Liss-Riordan also argued that the ABC test applies to Lawson’s reimbursement claim for phone and car-related expenses because under Dynamex, California’s wage orders requires employers to reimburse workers for tools and equipment.

But Grubhub wants wants the court to uphold the old Borello standard as the right test for assessing Lawson’s employment status.

“The court should affirm the judgment because plaintiff was properly classified as an independent contractor during the brief four months in late 2015 and early 2016 when he used the Grubhub app to find delivery leads wherever and whenever he wanted,” Grubhub attorney Theane Evangelis told the panel. “At the time he used the app, Borello was the test that applied.”

But even if the panel rejects Borello, Prop. 22 abates Lawson’s claims. “Today it’s undisputed that the classification of app-based drivers is determined under Prop 22,” she said.

“Proposition 22 is presumptively only prospective,” Circuit Judge Daniel Collins said, adding that if so, it would seem that Dynamex would be the relevant law.

“But under the established doctrine of abatement . . .” Evangelis started to respond.

“Here we go,” Fletcher interjected, “We finally get back to abatement.”

The law changed with Prop. 22, she said, relieving Grubhub of liability for past acts.

Fletcher said he had “trouble getting where [Grubhub] wants to get with abatement” since Lawson likely had vested rights under the law before it was changed. “Why doesn’t he have a vested contractual right?
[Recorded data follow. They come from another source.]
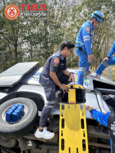 วันพฤหัสบดีที่ 19 กุมภาพันธ์ พ.ศ.2569 เวลา 12.01 น. ศูนย์วิทยุกู้ภัยจังหวัดสงขลา (ศูนย์มิตรภาพ) ได้รับแจ้งมีเหตุรถยนต์กระบะพลิกคว่ำ เหตุเกิดที่ทุ่งควนจีน ตำบลควนลัง อำเภอหาดใหญ่ จังหวัดสงขลา จึงแจ้งเจ้าหน้าที่กู้ชีพ-กู้ภัย แผนกบรรเทาสาธารณภัย-กู้ภัย มูลนิธิมิตรภาพสามัคคี (ท่งเซียเซี่ยงตึ๊ง) หาดใหญ่ เข้าปฏิบัติงานร่วมกับรถแอดวานซ์โรงพยาบาลคลองหอยโข่ง ที่เกิดเหตุเป็นรถกระบะตู้ทึบ ยี่ห้อโตโยต้า รีโว่ สีบรอนซ์เงิน ทะเบียน ผท 7600 สงขลา พลิกคว่ำลงข้างทาง มีผู้ได้รับบาดเจ็บเป็นชาย 1 ราย เจ็บบริเวณสันหลังและชายโครง ชุดกู้ชีพ-กู้ภัย สามารถนำผู้บาดเจ็บออกมาจากตัวรถและได้ทำการปฐมพยาบาลเบื้องต้นเป็นที่เรียบร้อย ก่อนนำส่งโรงพยาบาลหาดใหญ่เพื่อทำการรักษาตัวต่อไป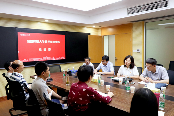 王锐表示,湖南是一个具有深厚的红色资源与文化底蕴的省份,湖南师大是一所具有悠久的办学历史与突出的办学成绩的高校。此行的目的,是在党建及业务等各方面了解我院的经验与做法,加强学院之间的合作与交流。沈继红对哈尔滨工程大学的发展历史、数学科学学院的师资团队、人才培养、科学研究等情况进行了介绍。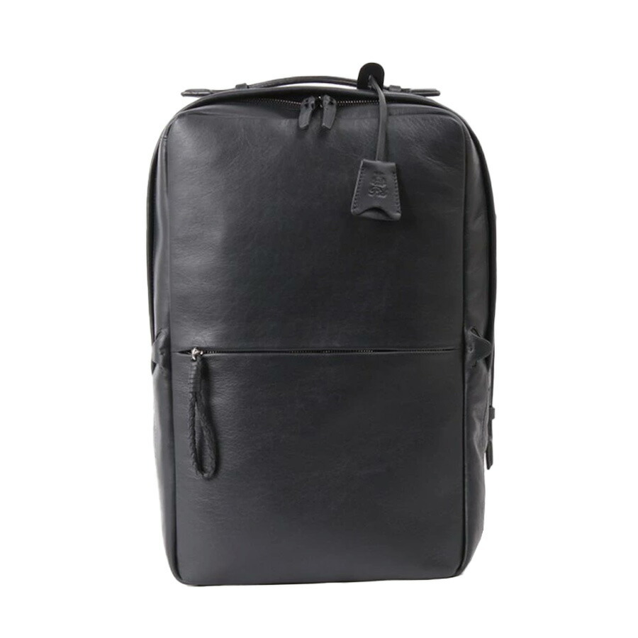 P.I.D ピーアイディー PAZ102 どんなスタイルにも合わせやすい 大人のオールレザーバッグパックハンドルは持ち手の長さを5段階まで調節することが出来ます。手持ち・肩掛けそれぞれに合った長さにすることでご自身のライフスタイルに合わせた使い方が可能となっています。バックルは深い色のレザーとのアクセントになるよう光沢のある素材を採用。シンプルな見た目の中にも遊び心のあるデザインが魅力の商品です。ウォータープルーフ加工を加えたスムースレザーを使用。中身を開くと3つ収納があり、PC、書類などの小分けができる構造。中央には飛び出し防止ボタン付きのクッション付きポケットを搭載。ウレタンで覆われいるのでPCやタブレットなど大事なものを収納するのに最適。側面に沿った大きなファスナーポケット、ペン挿し、マチ付きポケット、小型のファスナーポケットと小物を分けて収納するのに便利なポケットが多数搭載されています。更にPIDではおなじみのイヤホンや充電器などのコードを巻きつける為のリールや付属でキーストラップも搭載。シンプルで遊び心あるデザインだけでなく、いくつもの細かな機能が詰め込まれたバッグパックとなっています。

He did the work. We’re told in Dynamex that it’s retroactive, and under the retroactive analysis, I think we’re done.”

Evangelis said Lawson doesn’t have any vested rights here, because he did not obtain a final judgment.

“Not only did he not obtain a judgment here, but he lost in the district court,” she said. “Proposition 22 has eliminated those claims.”

But Fletcher said Proposition 22 only partially amended AB 5, and “doesn’t flatly eliminate what went before.”

Collins interjected to pose a hypothetical: “Suppose the statute says the minimum wage is $15 an hour and someone works for two years and get paid $12 an hour and brings a lawsuit to try to collect the difference and a proposition passes lowing the minimum wage to $13, is that an abatement?”

Evangelis dodged, saying even if Grubhub loses on the Prop. 22 issue, it should have the opportunity to “present it fully to the district court.”

The Borello test should nevertheless stand, she argued, for due process reasons. “If the ABC test applied we should have an opportunity to present a different case.”

Liss-Riordan urged the panel not to give Grubhub that opportunity.

“The facts were already found by the district court and making us go through another trial would just give Grubhub another bite at the apple.”

The judges took the arguments under submission.